It is the perfect appetizer for a gathering of family and friends even if they are not whole food plant-based or vegan. This makes it super easy to take along to a party so you are sure you have WFPB options. Word of advice, make sure you bring plenty because this spread will be a hit with all for sure!

Grocery List

Produce

spinach
garlic

Pantry

walnuts
black or green olives

Misc

salt
pepper
water

Add-Ins and Substitutions

You can replace the spinach with arugula, kale, swiss chard, watercress, and beet greens. Walnuts can be replaced by almonds, brazil nuts, pumpkin seeds, and hazelnuts. You can also use black or green olives, and if you can’t decide, simply use a combination of both!

Storing

Store in an airtight container in the refrigerator for up to 3 days. After 2 days the spinach will start to oxidize and turn the spread browner. Why? Well, the enzymes are activated when spinach leaves are cut or bruised, allowing them to come into contact with oxygen. As a result, the enzymes start to break down the chlorophyll in the spinach, leading to a brown or darkening color. Washing the spinach can help slow down or prevent this browning process. It removes any surface enzymes, dirt, or bacteria that may contribute to oxidation. Additionally, washing spinach helps to hydrate the leaves, keeping them moist and minimizing the enzymatic reactions that lead to browning.

Nutrition 411

Walnuts are an excellent source of antioxidants that can help lower your LDL (bad) cholesterol level. They are significantly higher in omega-3 fatty acids than any other nut, providing 2.5 grams (g) (Trusted Source) per 1-ounce (oz) serving which may help reduce the risk of cardiovascular diseases and conditions. There are several plant compounds and nutrients in walnuts that may help decrease inflammation, which is a key culprit in many chronic conditions. Eating walnuts also nourishes both you and the beneficial bacteria that live in your gut. This promotes gut health and may help reduce the risk of obesity, heart disease, and cancer. (Trusted source).

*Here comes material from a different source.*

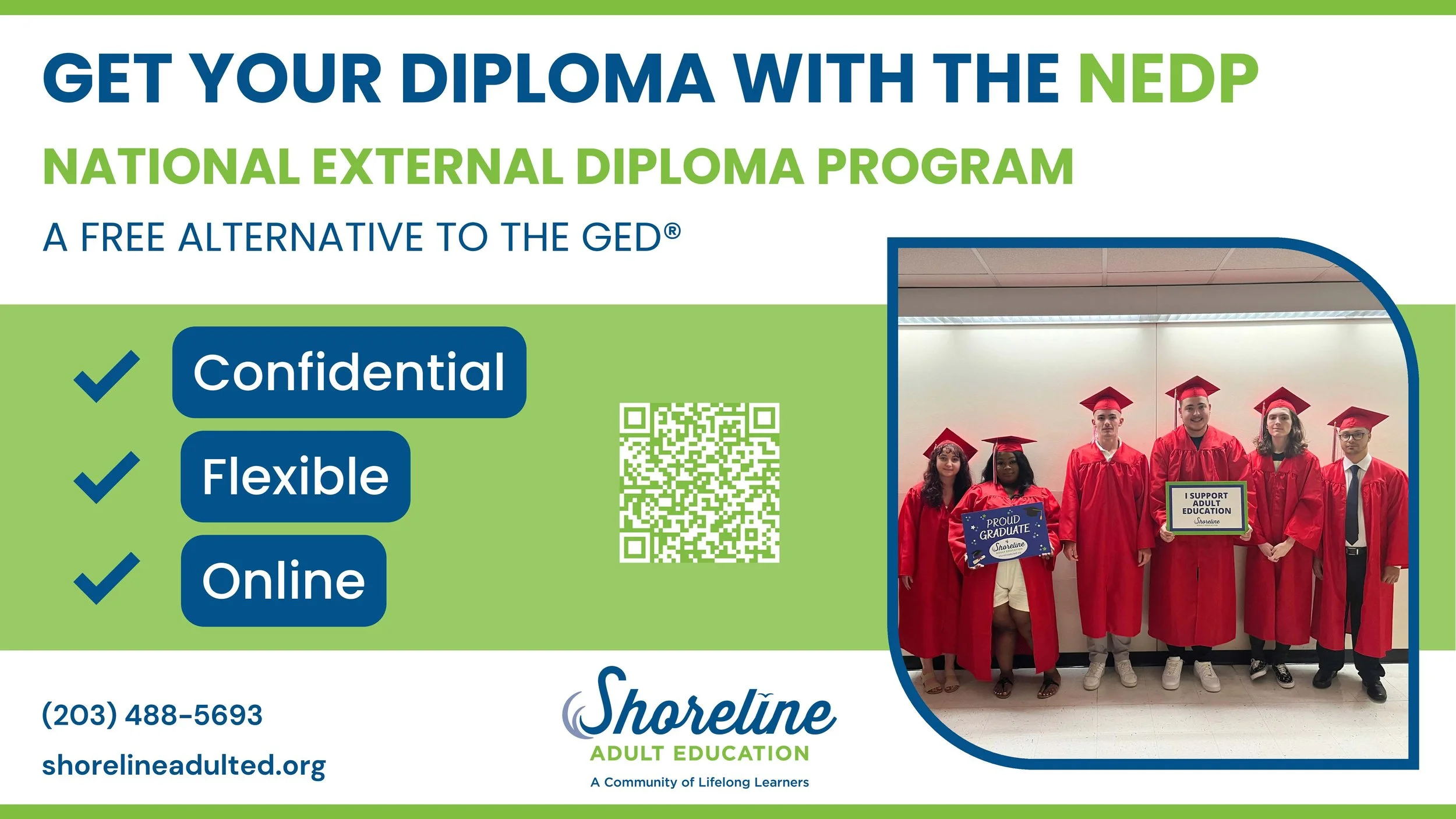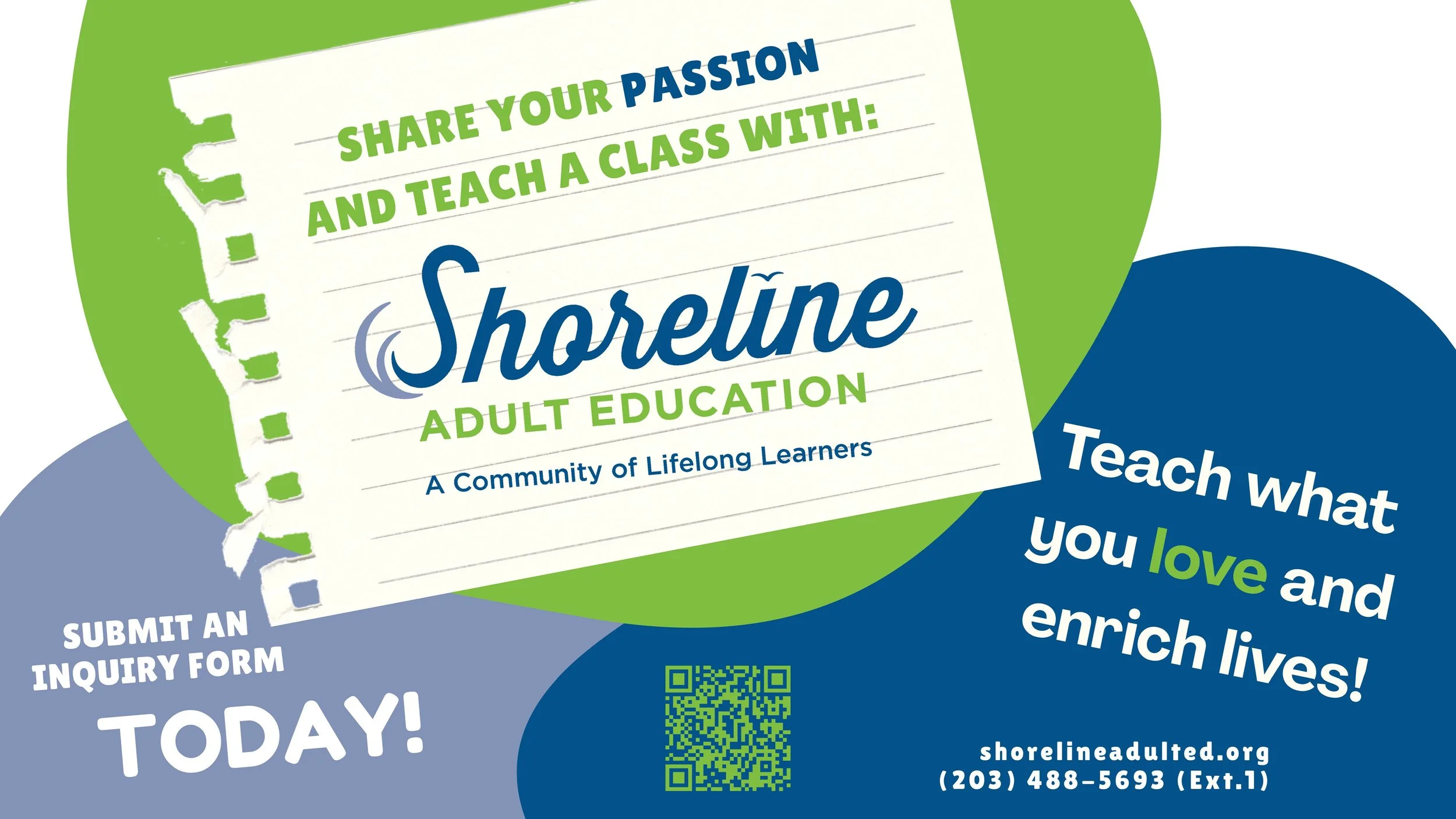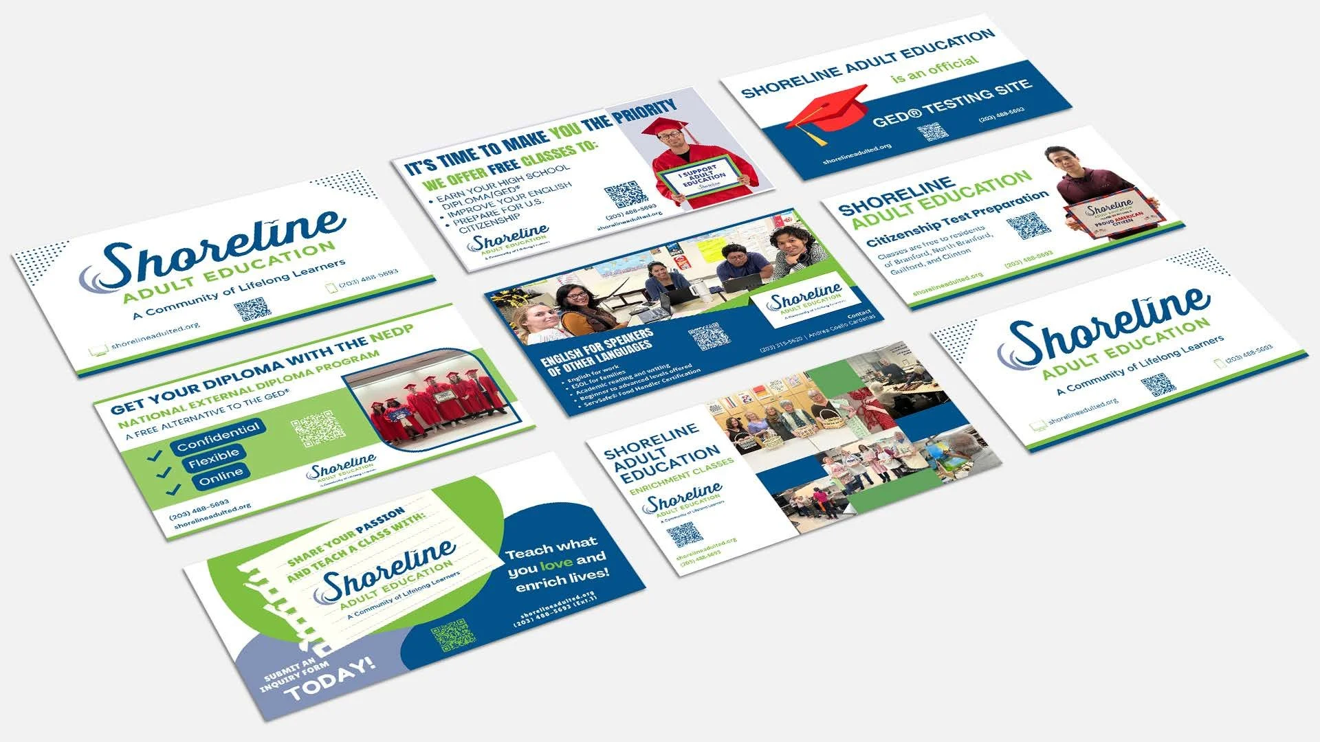 To increase on-site visibility, I created a dynamic digital presentation displayed on all school monitors for Shoreline Adult Education at Branford High School. Built with strong hierarchy, high-contrast layouts, and screen-optimized graphics, the content is designed to communicate clearly from a distance and within short viewing windows, turning everyday foot traffic into an ongoing engagement opportunity.

Olives are an unusual fruit because of their high-fat content. The most abundant fat is oleic acid, which may have several health benefits. They also contain 4–6% carbs, most of which consists of fiber. Olives are a good source of vitamin E, iron, copper, and calcium. They may also contain high amounts of sodium if packaged in saltwater. Olives are particularly rich in antioxidants, including oleuropein, hydroxytyrosol, tyrosol, oleanolic acid, and quercetin. Because olives are very bitter, they’re not usually eaten fresh. Instead, they’re cured and fermented. This process reduces bitter compounds like oleuropein, which are most abundant in unripe olives. Fermentation processes may also reduce cholesterol levels and increase beneficial bacteria in the final product (Trusted Source). However, there are some varieties that don’t need processing and can be consumed when fully ripe.

Delicious and Healthy Olive Walnut Spread

Donna Spencer
For a hearty, healthy snack you can feel good about, try this flavorful spread. It combines your favorite olives and walnuts with just the right amount of seasoning from salt, pepper, and garlic. Spread it on crostini or use it a dip for vegetables.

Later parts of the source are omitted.